### [Task to carry out]
Once you find the line below that has "Radio-Canada a réalisé", output it and every line after it exactly, stopping after the line that has "물품배송비 15,500원, 가격상승분", with no pictures.

### [Provided entries]

= Beginning of Section =

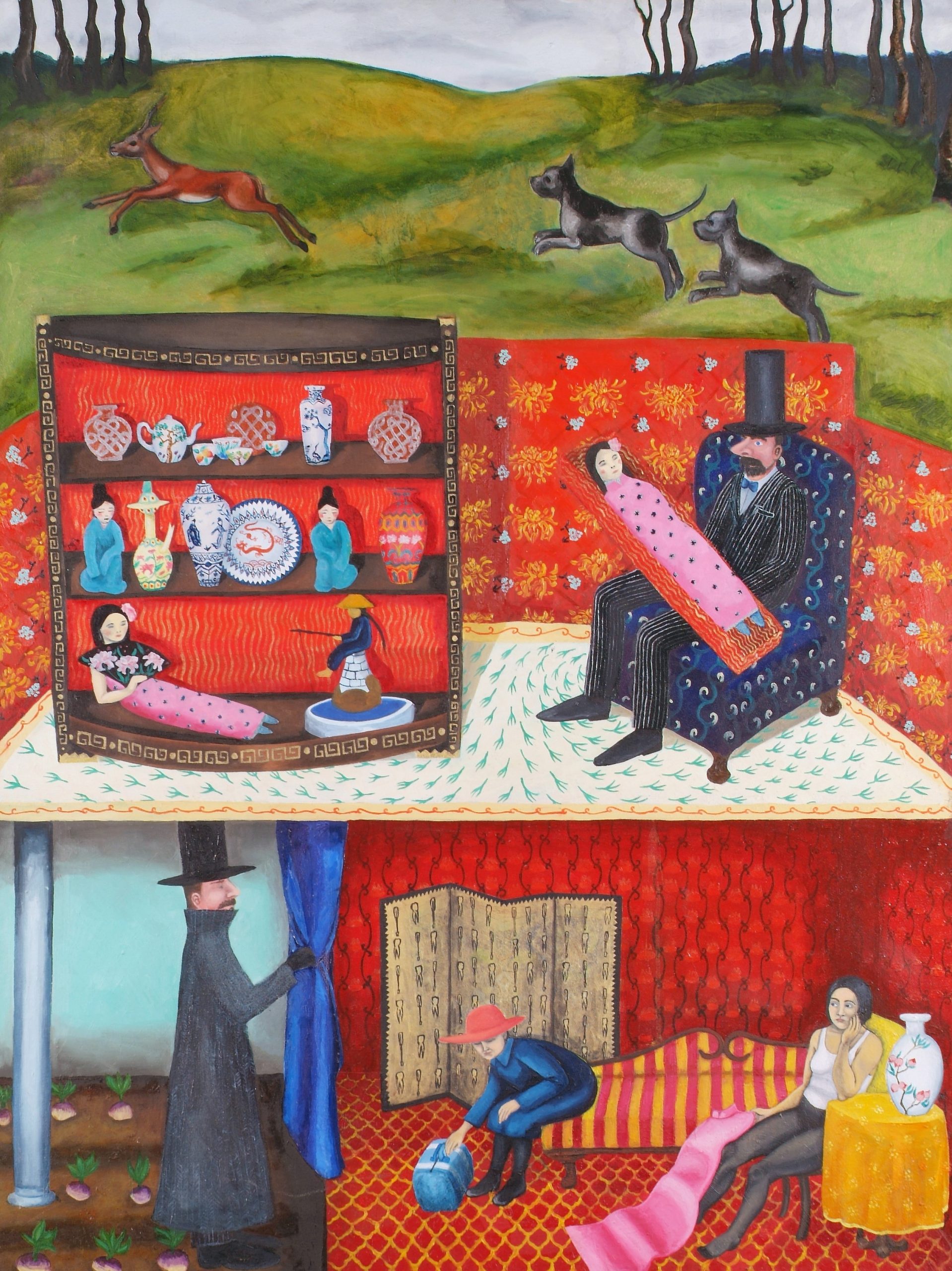 The painting also offers an unsettling mix of scenarios. While there is a repetition of the pink (perhaps restrictive) cheongsam dress in the upper storey, there is a sense of escape in the lower portion of the canvas. A sinister white male figure haunts both scenes, however; a threat which may be echoed by the hunting scene at the top. Adding to the mix, a screen at the centre of the lower part bears images of teeth and dental tools!
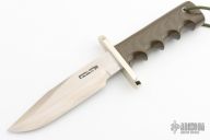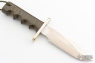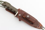 This Model 15 Airman by Randall Made Knives features a clip point blade with a sharpened top edge, .218" blade stock, 1.303" blade depth, full tang construction. The handle has green linen micarta handle with finger grips and a nickel silver guard. The Model 15 is designed especially for heavy-duty use and to be as nearly indestructible as possible. Comes with a brown leather sheath and original paper wrapping. Excellent condition.
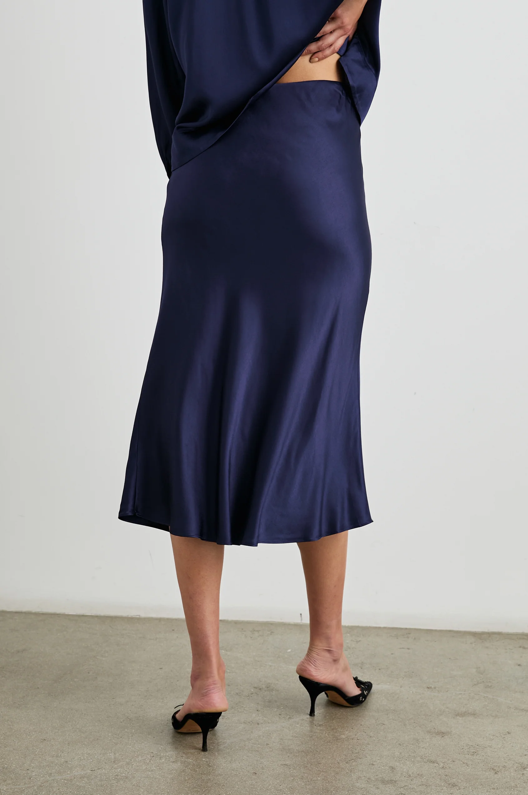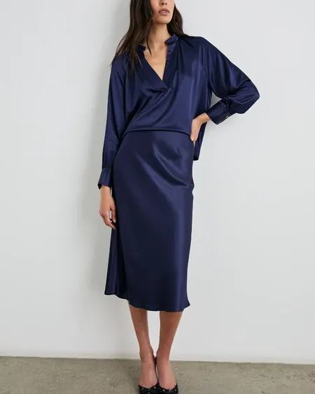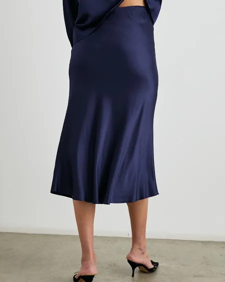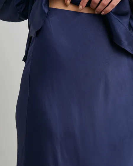 Esta falda midi de tiro alto estilo jersey presenta una cinturilla elástica oculta y está confeccionada en crepé de satén. Combínala con una camiseta o un suéter oversize para un look informal de día y, con solo unos tacones, podrás pasar a la noche sin complicaciones.
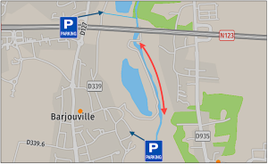 Vous pouvez vous garer et accéder en amont par le plan d’eau de Barjouville "la prairie"(rue des Patis à Barjouville) et en aval par le plan d’eau de Luisant (rue de la vallée de l’Eure à Luisant). Ces 2 parkings sont gratuits.
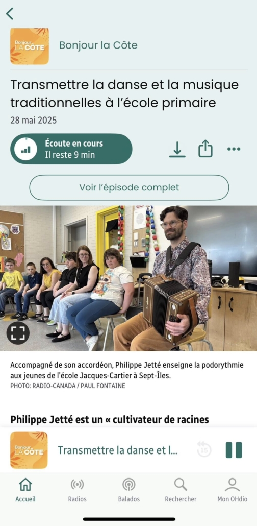 Radio-Canada a réalisé un magnifique reportage avec Philippe Jetté et les élèves de Sept-Îles sur la transmission de la danse et la musique traditionnelles à l’école primaire. Le journaliste a interviewé les enfants sur l’heure du midi. Ce qui ajoute un charme au reportage.
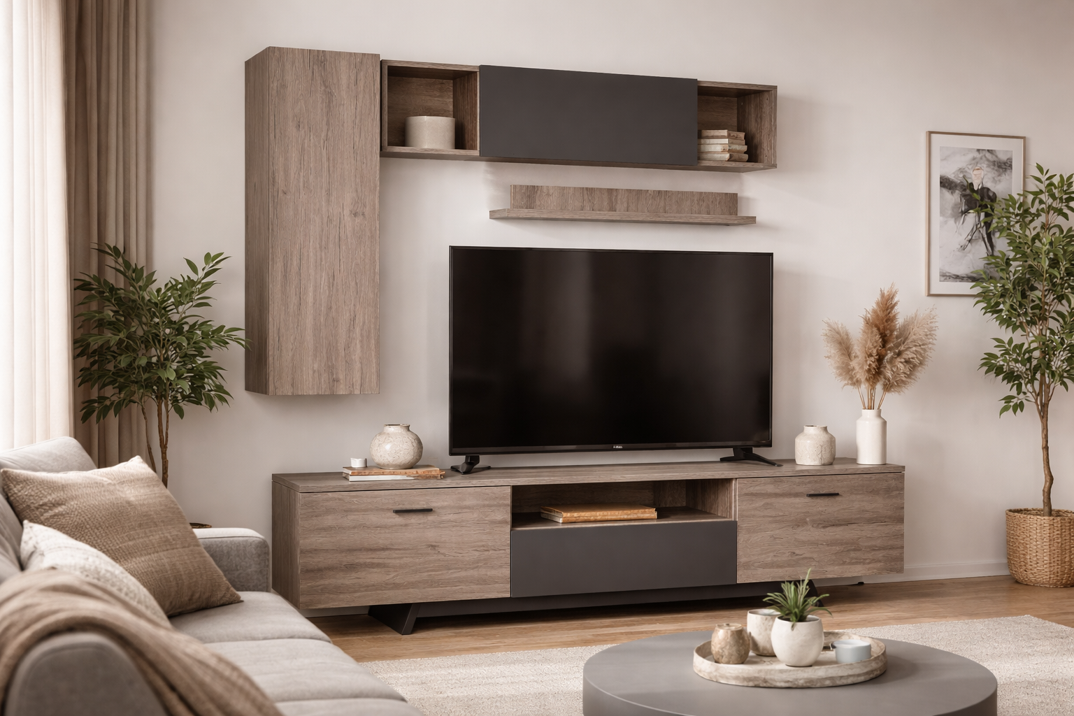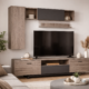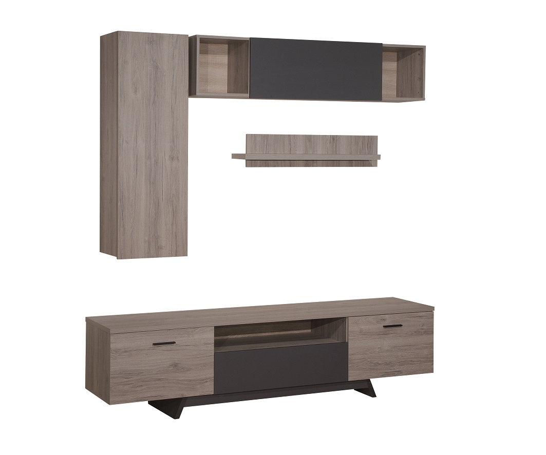 - Κατασκευή και Υλικά: Το σύνθετο είναι κατασκευασμένο από υψηλής ποιότητας ξύλο με φυσικό φινίρισμα που αναδεικνύει την υφή και το χρώμα του, δίνοντας μια γήινη αίσθηση που ταιριάζει σε μοντέρνους και κλασικούς χώρους. Οι μαύρες μεταλλικές λαβές προσθέτουν έναν σύγχρονο τόνο στη σύνθεση, δημιουργώντας κομψή αντίθεση με το φυσικό ξύλο και ενισχύοντας τη μοντέρνα αισθητική.
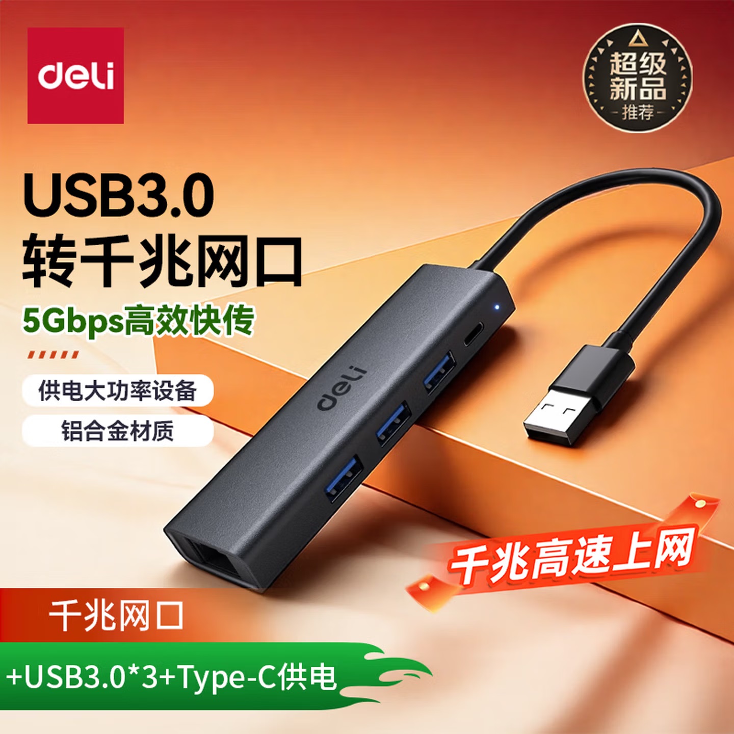 • 商品名称:得力AK753五合一 多功能高速扩展坞 Type-C转千兆网口
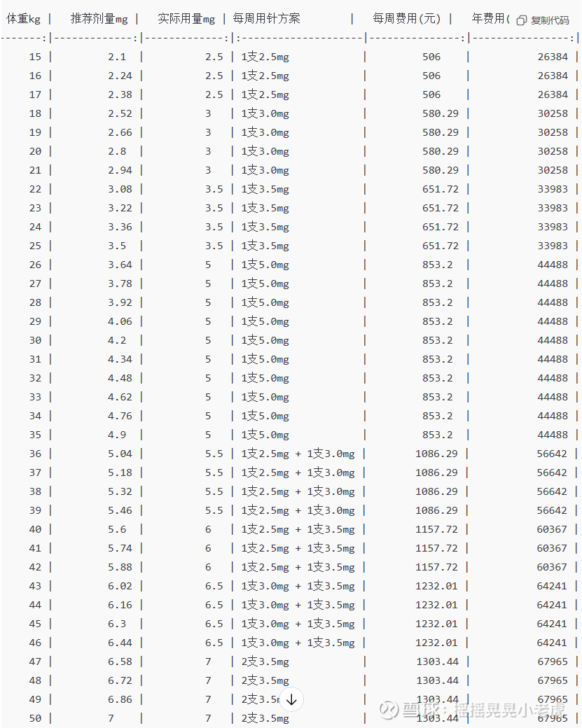 到了30kg,需求4.2mg,3.5mg的针不够了,必须直接跳档买最贵的5.0mg的针(因为中间没有4.0mg或4.5mg规格)。
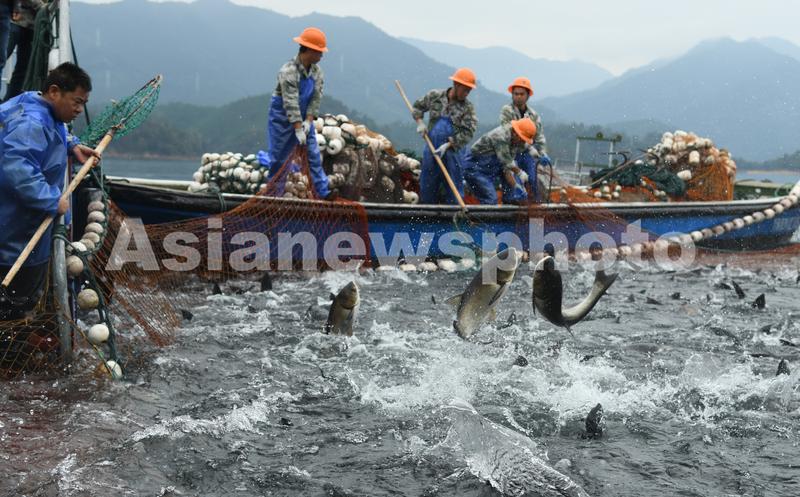 2020年11月1日,浙江省杭州市淳安县千岛湖许源大港渔场,上演秋季巨网捕鱼壮景,一网丰收了3万公斤有机鱼。巨网捕鱼是千岛湖有机鱼捕捞生产过程的最后一个环节,捕鱼过程通过拦网、刺网对鱼群的包围、截拦和驱赶,最后迫使被包围鱼群进入定置张网,从而达到集中捕鱼的一种捕捞方式。据了解,千岛湖一个月秋捕有机鱼已达100万公斤。
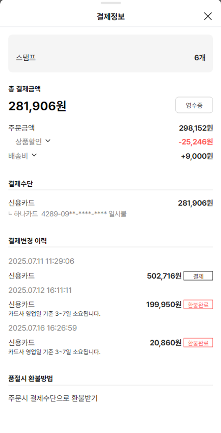 물품배송비 15,500원, 가격상승분 8,949원, 100원 미만 지원금 87원, 결제 수수료 10,584원, 기타 사업비는 행복나눔재단이 부담했습니다. (기부후기 발송시점에 최종 업데이트 됩니다.) 상품 주문 건 중 품절 발생하여 2025-07-17 재주문하였습니다. 실제 쇼핑몰에서 확인되는 배송현황을 캡처한 내용입니다. 실시간 자료와는 차이가 있을 수 있습니다.
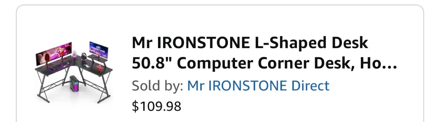 Selling a Mr IRONSTONE L-Shaped Desk! It's a 50.8" computer corner desk perfect for home or office use. The dimensions are approximately 50.8 inches in length, 29.1 inches in height, and features a convenient corner design to maximize space. Originally bought for $109.98
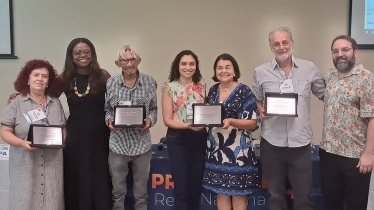 Foto: Professor José Ivo junto aos demais homenageados. Créditos: Assessoria do evento

= End of Section =

### [Task result]
 Radio-Canada a réalisé un magnifique reportage avec Philippe Jetté et les élèves de Sept-Îles sur la transmission de la danse et la musique traditionnelles à l’école primaire. Le journaliste a interviewé les enfants sur l’heure du midi. Ce qui ajoute un charme au reportage.
 - Κατασκευή και Υλικά: Το σύνθετο είναι κατασκευασμένο από υψηλής ποιότητας ξύλο με φυσικό φινίρισμα που αναδεικνύει την υφή και το χρώμα του, δίνοντας μια γήινη αίσθηση που ταιριάζει σε μοντέρνους και κλασικούς χώρους. Οι μαύρες μεταλλικές λαβές προσθέτουν έναν σύγχρονο τόνο στη σύνθεση, δημιουργώντας κομψή αντίθεση με το φυσικό ξύλο και ενισχύοντας τη μοντέρνα αισθητική.
 • 商品名称:得力AK753五合一 多功能高速扩展坞 Type-C转千兆网口
 到了30kg,需求4.2mg,3.5mg的针不够了,必须直接跳档买最贵的5.0mg的针(因为中间没有4.0mg或4.5mg规格)。
 2020年11月1日,浙江省杭州市淳安县千岛湖许源大港渔场,上演秋季巨网捕鱼壮景,一网丰收了3万公斤有机鱼。巨网捕鱼是千岛湖有机鱼捕捞生产过程的最后一个环节,捕鱼过程通过拦网、刺网对鱼群的包围、截拦和驱赶,最后迫使被包围鱼群进入定置张网,从而达到集中捕鱼的一种捕捞方式。据了解,千岛湖一个月秋捕有机鱼已达100万公斤。
 물품배송비 15,500원, 가격상승분 8,949원, 100원 미만 지원금 87원, 결제 수수료 10,584원, 기타 사업비는 행복나눔재단이 부담했습니다. (기부후기 발송시점에 최종 업데이트 됩니다.) 상품 주문 건 중 품절 발생하여 2025-07-17 재주문하였습니다. 실제 쇼핑몰에서 확인되는 배송현황을 캡처한 내용입니다. 실시간 자료와는 차이가 있을 수 있습니다.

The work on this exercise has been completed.